Entries supplied
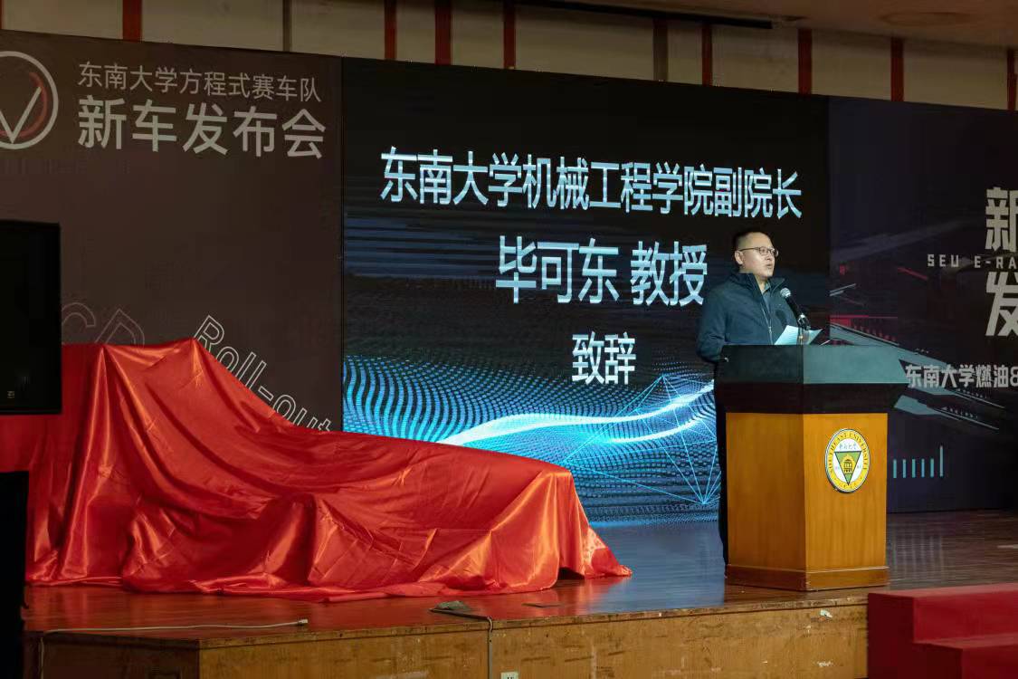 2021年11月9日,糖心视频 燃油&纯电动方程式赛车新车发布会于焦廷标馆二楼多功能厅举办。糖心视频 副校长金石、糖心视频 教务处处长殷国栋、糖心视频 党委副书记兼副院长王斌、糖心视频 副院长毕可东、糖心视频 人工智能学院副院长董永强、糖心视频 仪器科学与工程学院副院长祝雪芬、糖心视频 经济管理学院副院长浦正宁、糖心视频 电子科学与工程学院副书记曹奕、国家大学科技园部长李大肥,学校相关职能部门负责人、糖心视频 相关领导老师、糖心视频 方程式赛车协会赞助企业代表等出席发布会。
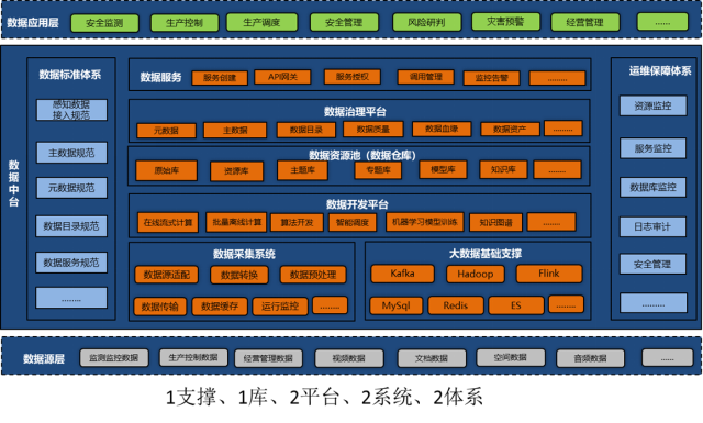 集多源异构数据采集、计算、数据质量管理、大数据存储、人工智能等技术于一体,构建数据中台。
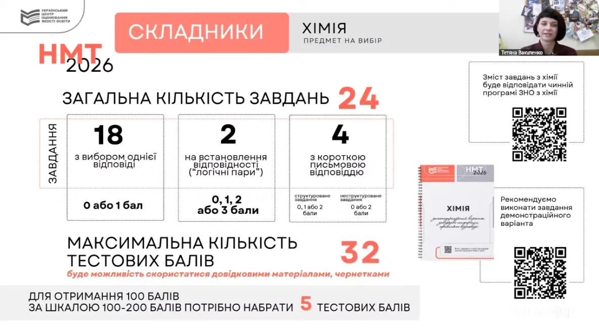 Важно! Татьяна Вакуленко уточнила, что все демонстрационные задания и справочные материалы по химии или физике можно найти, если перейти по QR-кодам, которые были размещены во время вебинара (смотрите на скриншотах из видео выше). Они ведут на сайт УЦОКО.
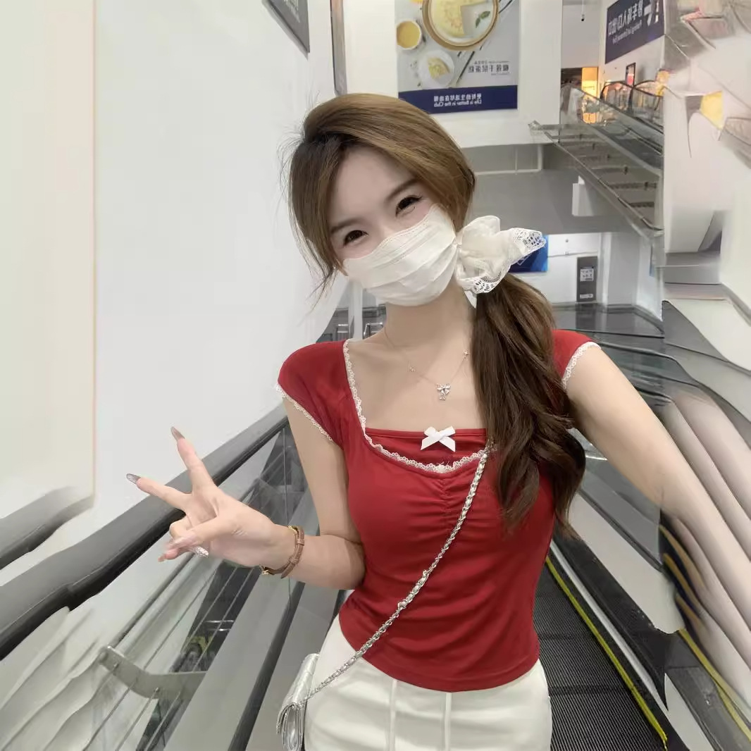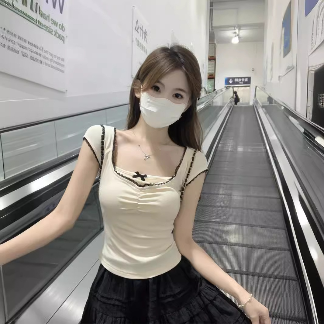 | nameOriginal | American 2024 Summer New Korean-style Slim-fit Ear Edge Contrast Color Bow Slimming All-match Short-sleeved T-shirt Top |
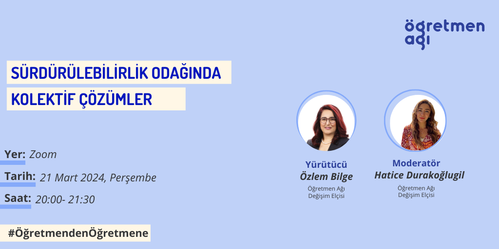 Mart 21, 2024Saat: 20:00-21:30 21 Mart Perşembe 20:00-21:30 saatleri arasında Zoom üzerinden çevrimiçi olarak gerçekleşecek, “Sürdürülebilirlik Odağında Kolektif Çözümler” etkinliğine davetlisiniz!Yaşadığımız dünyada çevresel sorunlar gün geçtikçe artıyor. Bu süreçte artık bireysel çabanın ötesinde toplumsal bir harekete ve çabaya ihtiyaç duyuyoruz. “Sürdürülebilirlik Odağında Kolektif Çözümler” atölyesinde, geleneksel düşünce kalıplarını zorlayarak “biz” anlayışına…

--

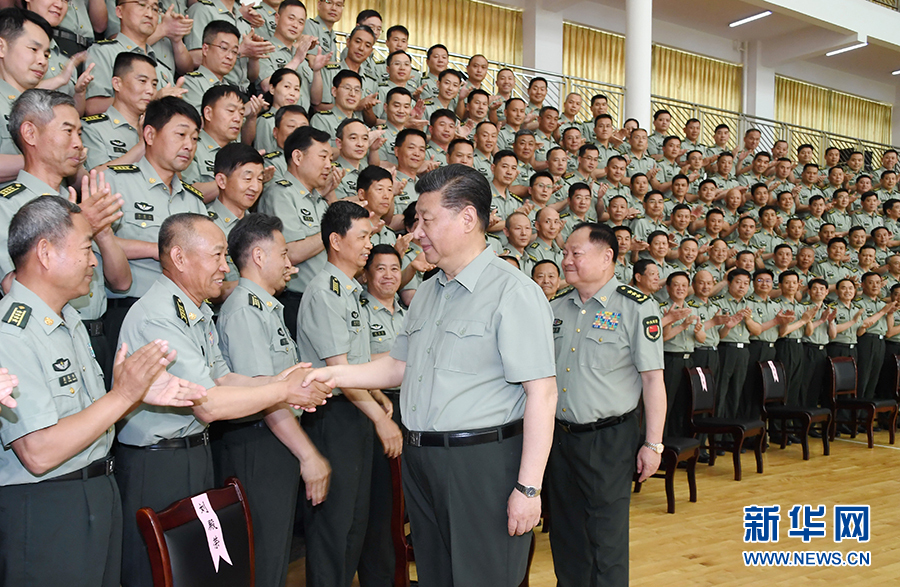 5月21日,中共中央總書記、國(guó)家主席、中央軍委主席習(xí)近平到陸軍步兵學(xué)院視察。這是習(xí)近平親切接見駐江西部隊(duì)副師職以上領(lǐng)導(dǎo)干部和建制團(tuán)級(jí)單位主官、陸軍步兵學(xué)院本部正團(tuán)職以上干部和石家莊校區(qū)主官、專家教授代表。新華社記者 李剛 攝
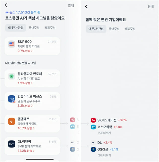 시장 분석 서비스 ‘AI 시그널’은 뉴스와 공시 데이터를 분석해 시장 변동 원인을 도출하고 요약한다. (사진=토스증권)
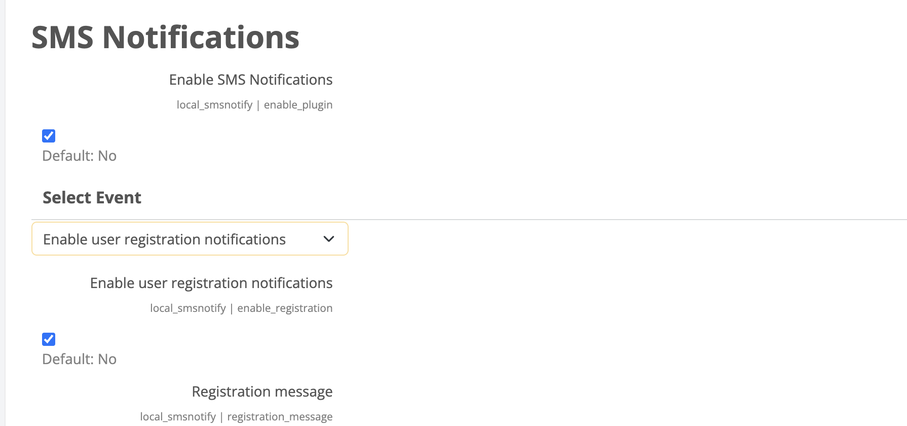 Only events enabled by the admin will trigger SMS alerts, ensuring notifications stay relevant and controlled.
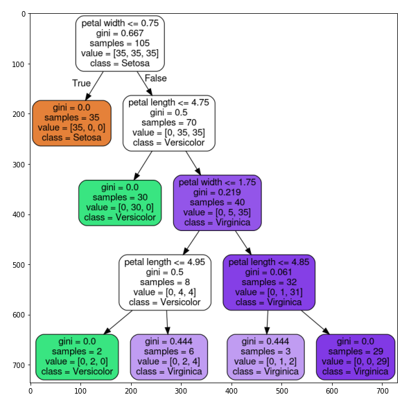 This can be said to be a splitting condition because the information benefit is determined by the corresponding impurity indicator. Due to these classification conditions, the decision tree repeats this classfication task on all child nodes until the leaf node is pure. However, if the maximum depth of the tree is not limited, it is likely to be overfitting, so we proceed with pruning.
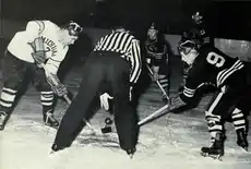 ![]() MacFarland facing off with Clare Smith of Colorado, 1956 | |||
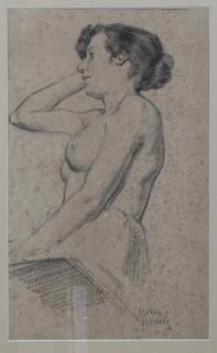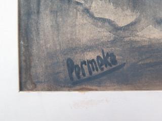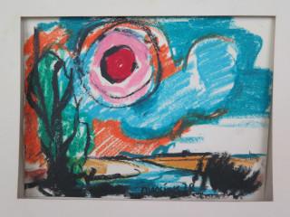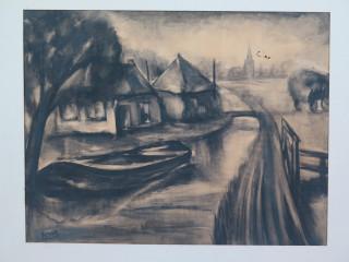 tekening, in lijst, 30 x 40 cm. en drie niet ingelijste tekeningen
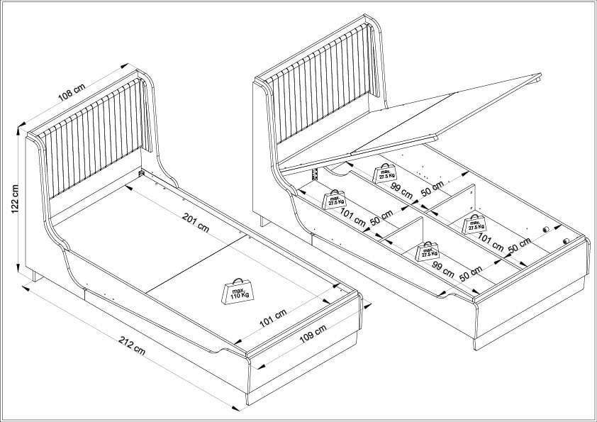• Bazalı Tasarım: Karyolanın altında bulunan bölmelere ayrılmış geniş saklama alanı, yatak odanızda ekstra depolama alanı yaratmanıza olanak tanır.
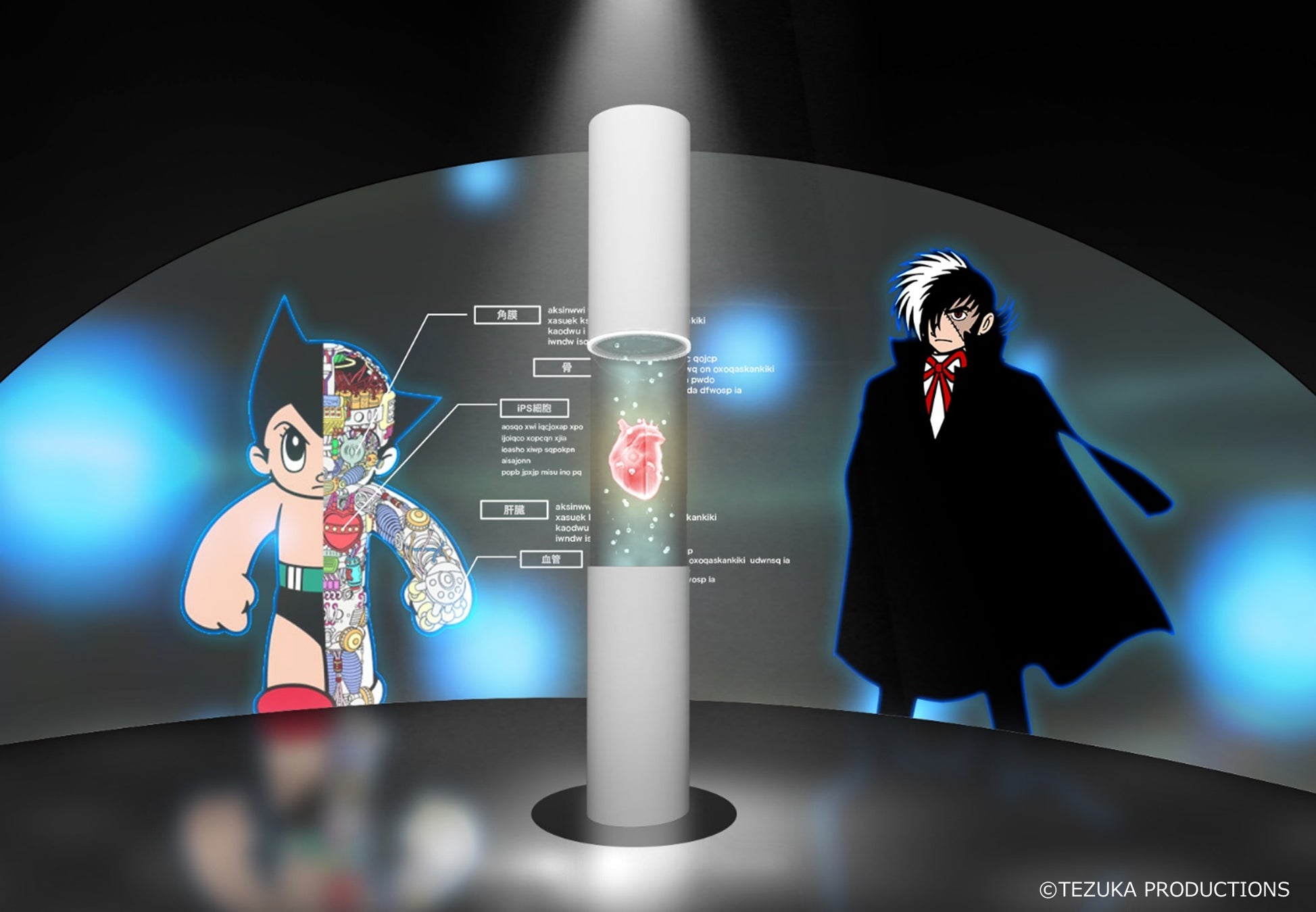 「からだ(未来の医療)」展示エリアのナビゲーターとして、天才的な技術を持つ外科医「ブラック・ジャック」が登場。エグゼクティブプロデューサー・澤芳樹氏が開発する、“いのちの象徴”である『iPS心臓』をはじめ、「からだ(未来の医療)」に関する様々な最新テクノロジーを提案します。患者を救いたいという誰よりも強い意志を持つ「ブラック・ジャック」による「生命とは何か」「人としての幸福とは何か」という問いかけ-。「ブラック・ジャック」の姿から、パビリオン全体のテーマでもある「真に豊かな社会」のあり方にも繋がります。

What to work on
Range to copy from the records above: the line containing "集多源异构数据采集、计算、数" to the line containing "T-shirt Top |", both included. Output those lines exactly and only those, skipping pictures.

Response to the task
 集多源异构数据采集、计算、数据质量管理、大数据存储、人工智能等技术于一体,构建数据中台。
 Важно! Татьяна Вакуленко уточнила, что все демонстрационные задания и справочные материалы по химии или физике можно найти, если перейти по QR-кодам, которые были размещены во время вебинара (смотрите на скриншотах из видео выше). Они ведут на сайт УЦОКО.
 | nameOriginal | American 2024 Summer New Korean-style Slim-fit Ear Edge Contrast Color Bow Slimming All-match Short-sleeved T-shirt Top |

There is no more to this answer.